The updated guidelines also provide specific recommendations for vaccination of special groups, including healthcare providers, immunocompromised patients, pregnant women, international travelers, and internationally adopted children.

 

Study Highlights

  • All age-appropriate vaccines should be received per the American Academy of Family Physicians, American Academy of Pediatrics, American College of Obstetricians and Gynecologists, Advisory Committee on Immunization Practices, and American College of Physicians guidelines, which are issued annually and updated in the Morbidity and Mortality Weekly Report.
  • Vaccines not given at recommended age should be given at a subsequent visit without restarting the vaccine series.
  • The minimum interval between doses should be used for persons with delayed immunizations or who want an accelerated schedule.
  • All indicated appropriate vaccines should be given simultaneously.
  • Licensed combination vaccines can be given if indicated, if licensed by the FDA, and if no components are contraindicated.
  • Immunization requirements for childcare, school, and nursing homes should be followed.
  • Vaccines should be given with other preventive healthcare services.
  • Vaccines should be stored and administered per manufacturer and FDA protocols.
  • Healthcare providers need to adhere to vaccine contraindications and precautions.
  • Vaccine Information Statements for patients and parents are required for each vaccine covered by the National Childhood Vaccine Injury Act.
  • Vaccine benefits, safety, and risk information should be provided in a culturally appropriate and easily understandable manner.

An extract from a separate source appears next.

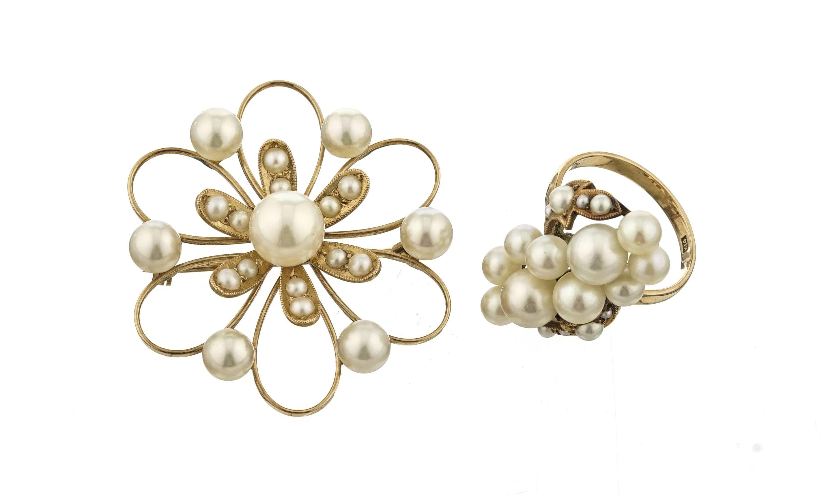 3126. Lot d'une bague et d'une broche à motif de fleur serties de perles
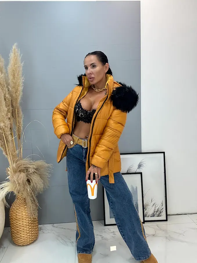 Dámsky kabát z novej kolekcie. Materiál nie je elasticky. Kapucňa nie je oddeliteľná.

  • Significant adverse events should be reported to the Vaccine Adverse Event Reporting System.
  • Financial recommendations include minimizing patient out-of-pocket expenses and using vaccine-financing programs.
  • Barriers to immunizations should be minimized.

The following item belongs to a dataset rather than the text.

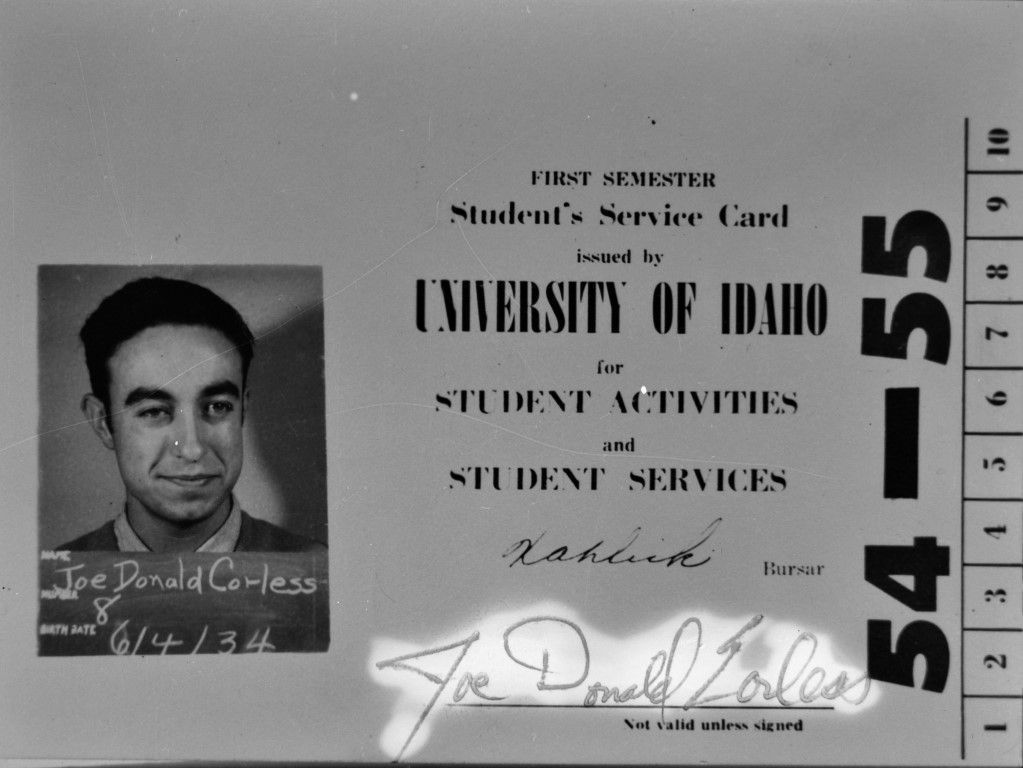 The University of Idaho Student's Service Card of Joe Donald Corless showing his picture and birthdate.

  • Immunizations should be easily accessible via express services and expanded hours.
  • Strategies to improve vaccine coverage are reminder systems; registries; standing orders in clinics, hospitals, and nursing homes; vaccine review at each visit; provision of vaccine records to patients; provider education; assessment of vaccine rates in practices; and awareness of adolescent and adult vaccines.

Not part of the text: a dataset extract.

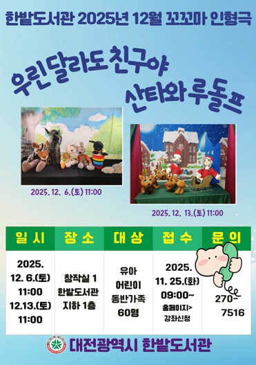 [무한뉴스=정민정 기자] 한밭도서관은 지역 어린이들에게 따뜻한 감성과 사회적 가치를 전하기 위해 두 가지 인형극 ‘우린 달라도 친구야’, ‘산타와 루돌프’를 공연한다.

  • Complementary immunization settings, including schools, shopping malls, and pharmacies, are recommended.
  • Complementary immunization providers should follow quality standards, provide records to primary care providers and registries, and encourage visits to primary care providers for preventive and therapeutic services.
  • All healthcare professionals should receive appropriate immunizations, including tetanus, diphtheria, and pertussis booster dose; measles; mumps; rubella; varicella; hepatitis B; and annual influenza vaccine.
  • Hospitals, clinics, and offices should ensure that healthcare professionals receive appropriate immunizations and perform annual assessment.
  • Immunocompromised patients might have increased risk for morbidity and mortality from infections, consequences from immunizations, or inadequate response to immunizations.
  • Household contacts of immunocompromised persons should receive appropriate immunizations.
  • For pregnant women, providers should be aware of routinely recommended vaccines, contraindications, and precautions.
  • After delivery, women should receive any recommended vaccine that could not be given during pregnancy.
  • For persons who travel, vaccine considerations include immunization and medical history, itinerary, season, travel living conditions, travel mode and purpose, amount of time before departure, and whether vaccines are required or recommended.
  • For internationally adopted children without written documentation of vaccines, the alternatives are antibody titers or reimmunization.